Endoscopic Retrograde Cholangiopancreatography (ERCP)
Application Scenario: Mainly used to treat common bile duct stones, especially impacted stones or large stones that are difficult to remove with traditional stone baskets.
Operation Method: Send the liquid electrolithotomy electrode into the bile duct through the working channel of the duodenoscope, discharge at the stone under direct vision, and the stone can be directly removed through the stone basket after crushing.
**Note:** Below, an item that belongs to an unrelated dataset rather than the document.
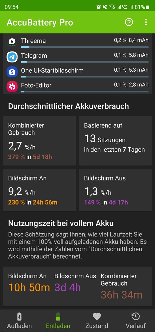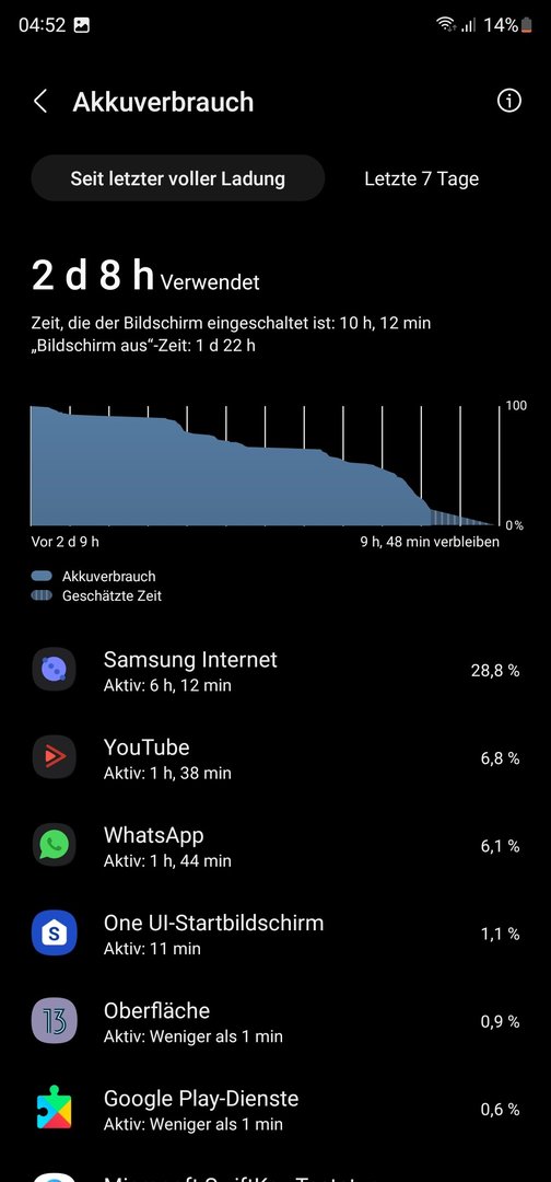 Ja Light ist an. Sonst aber nichts. Habe mittlerweile bessere Werte. Wie gesagt, nach ca. 10-14 Tagen optimiert sich alles viel viel besser. Obwohl die HUK App (Telematik Sensor für das Auto) viel verbraucht. Vielleicht ist es nicht mit dem iPhone vergleichbar, aber wenn man vom s22 U kommt, dann ist es ein Traum. Ganz ehrlich, 2 Tage "Muss" es nicht halten. Ich bin dauernutzer... aber es hält Locker 1 Tag. Bei 40% hatte ich früher Angst raus zugehen. Mit 28% jetzt fahre ich noch zum Fitnesstudio für 2 Std / Youtube Music und Twitter nebenbei dauernd... gaaanz easy.iamnotkurtcobain schrieb:@dvt91 und noch 50% Akku übrig. Genial. Hast du den light mode aktiviet?

Advantages: No need to rely on the choledochoscope, integrated lithotripsy and stone removal, high efficiency.
Percutaneous Transhepatic Choledochoscopy Lithotripsy (PTCS)
Application Scenario: Applicable to difficult-to-remove stones in the intrahepatic bile duct, especially residual stones after surgery or cases that cannot be treated through the T-tube sinus.
Operation Method: After percutaneous puncture to establish a channel, insert the choledochoscope to the stone site, and directly crush the stone through the liquid electrolithotomy electrode, and then flush or remove the fragments.
Note: The discharge power needs to be controlled to avoid shock wave damage to the bile duct wall.
Ureteroscopic Lithotripsy (URS)
Application Scenario: Treatment of ureteral stones, especially middle and lower segment stones or when the holmium laser lithotripsy equipment is limited.
Operation Method: Introduce the liquid electrolithotomy probe through a rigid or flexible ureteroscope, and the electrode is close to the surface of the stone for discharge and crushing. When operating the soft endoscope, pay attention to the problem of reduced flushing fluid flow.
Historical Development: It was first reported in 1985 for ureteral stones, and there are fewer postoperative complications.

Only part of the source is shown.